Work item:
In the entries that follow, find the line containing "De acuerdo a" and the line containing "There's a great", then retype exactly the lines from the first through the second, pictures excluded.

Records to use:
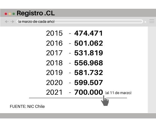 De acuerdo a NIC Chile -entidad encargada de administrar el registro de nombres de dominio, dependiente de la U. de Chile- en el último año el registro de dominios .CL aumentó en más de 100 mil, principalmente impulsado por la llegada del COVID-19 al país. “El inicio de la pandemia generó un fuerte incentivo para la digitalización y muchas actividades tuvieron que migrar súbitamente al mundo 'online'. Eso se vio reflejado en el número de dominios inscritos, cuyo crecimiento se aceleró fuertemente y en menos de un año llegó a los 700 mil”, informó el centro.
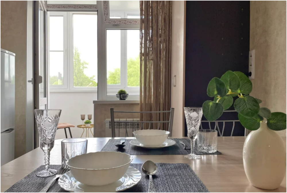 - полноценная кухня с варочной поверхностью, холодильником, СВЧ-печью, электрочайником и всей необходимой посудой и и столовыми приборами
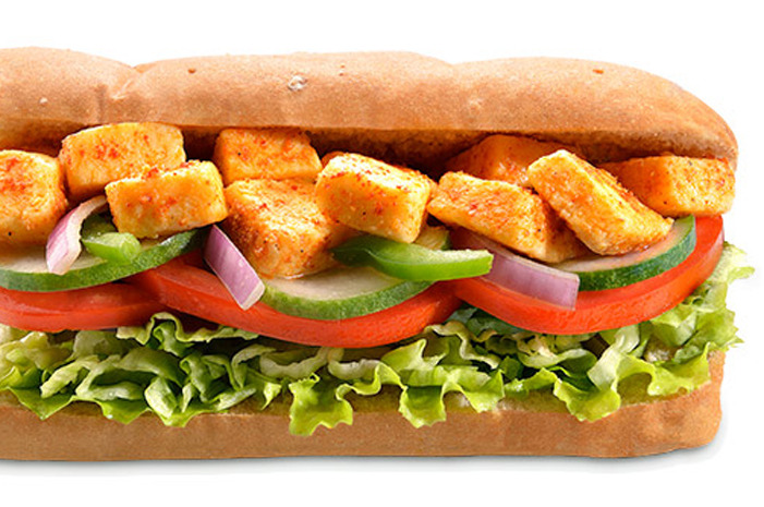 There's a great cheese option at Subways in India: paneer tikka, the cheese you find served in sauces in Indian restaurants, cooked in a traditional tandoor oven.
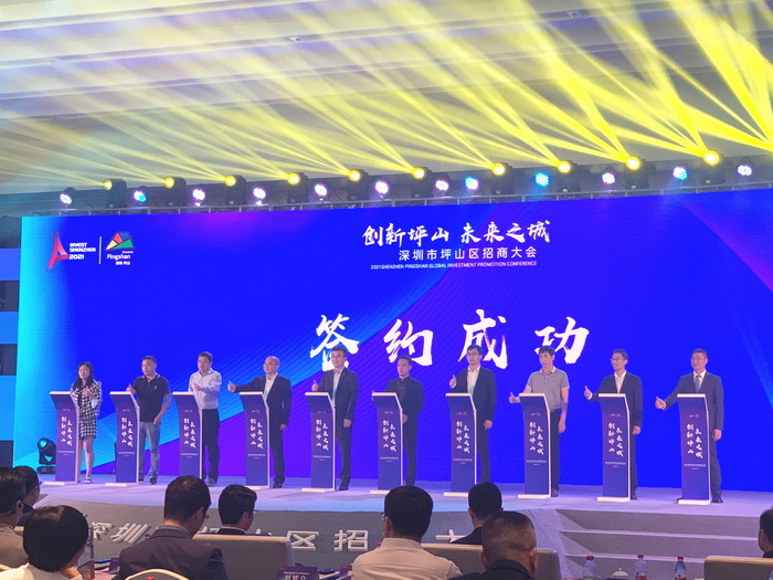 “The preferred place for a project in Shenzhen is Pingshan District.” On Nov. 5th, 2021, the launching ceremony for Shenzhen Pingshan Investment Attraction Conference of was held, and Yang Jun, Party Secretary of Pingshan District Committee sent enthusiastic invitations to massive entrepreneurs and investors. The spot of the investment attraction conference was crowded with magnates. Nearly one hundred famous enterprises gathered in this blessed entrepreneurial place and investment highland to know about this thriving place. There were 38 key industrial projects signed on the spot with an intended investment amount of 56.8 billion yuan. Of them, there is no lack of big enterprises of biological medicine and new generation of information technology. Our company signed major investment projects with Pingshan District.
==
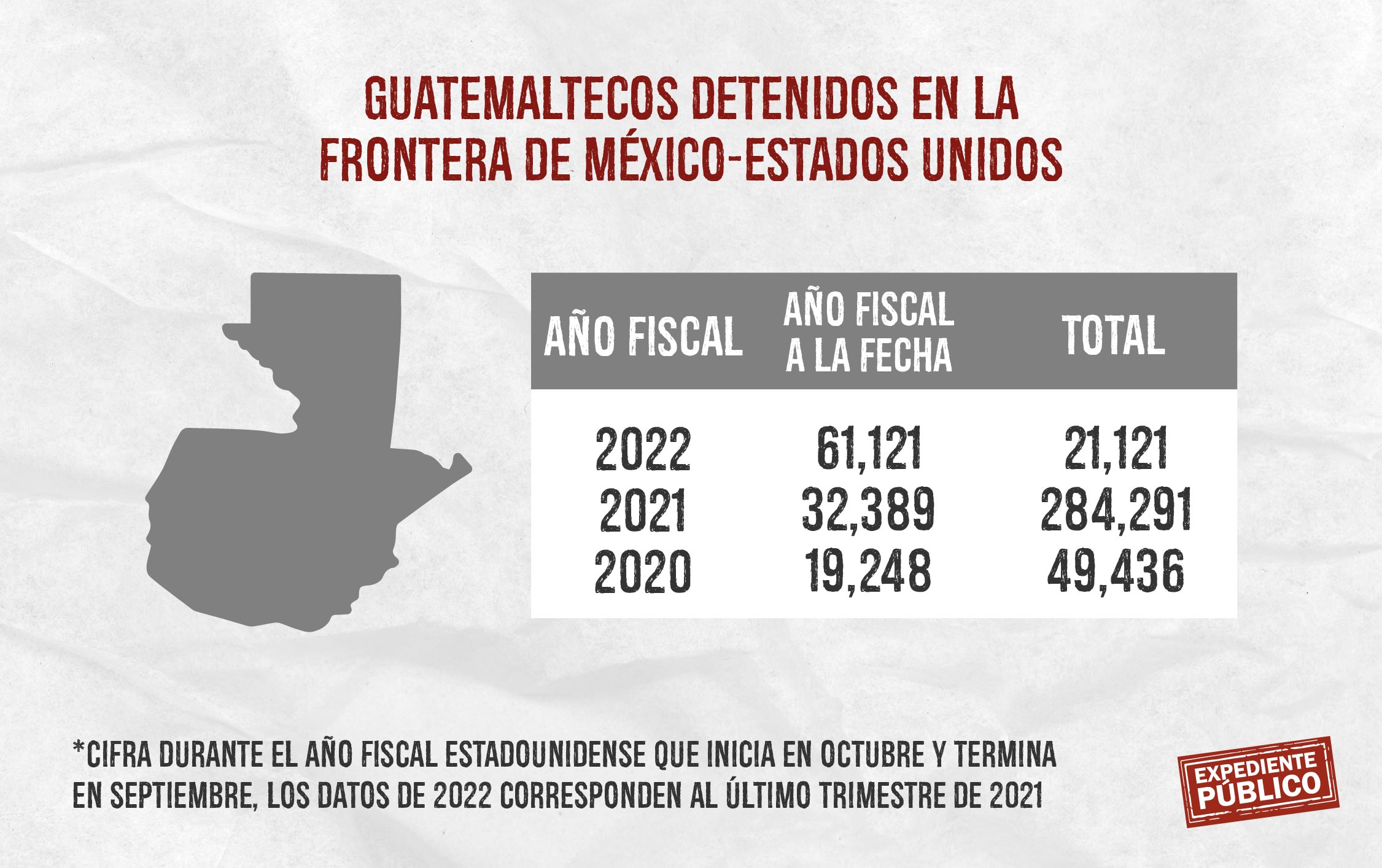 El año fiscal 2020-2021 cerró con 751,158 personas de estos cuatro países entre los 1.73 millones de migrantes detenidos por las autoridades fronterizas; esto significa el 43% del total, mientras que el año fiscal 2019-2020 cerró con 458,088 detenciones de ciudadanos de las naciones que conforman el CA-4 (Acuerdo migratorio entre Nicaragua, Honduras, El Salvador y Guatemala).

Expected answer:
 De acuerdo a NIC Chile -entidad encargada de administrar el registro de nombres de dominio, dependiente de la U. de Chile- en el último año el registro de dominios .CL aumentó en más de 100 mil, principalmente impulsado por la llegada del COVID-19 al país. “El inicio de la pandemia generó un fuerte incentivo para la digitalización y muchas actividades tuvieron que migrar súbitamente al mundo 'online'. Eso se vio reflejado en el número de dominios inscritos, cuyo crecimiento se aceleró fuertemente y en menos de un año llegó a los 700 mil”, informó el centro.
 - полноценная кухня с варочной поверхностью, холодильником, СВЧ-печью, электрочайником и всей необходимой посудой и и столовыми приборами
 There's a great cheese option at Subways in India: paneer tikka, the cheese you find served in sauces in Indian restaurants, cooked in a traditional tandoor oven.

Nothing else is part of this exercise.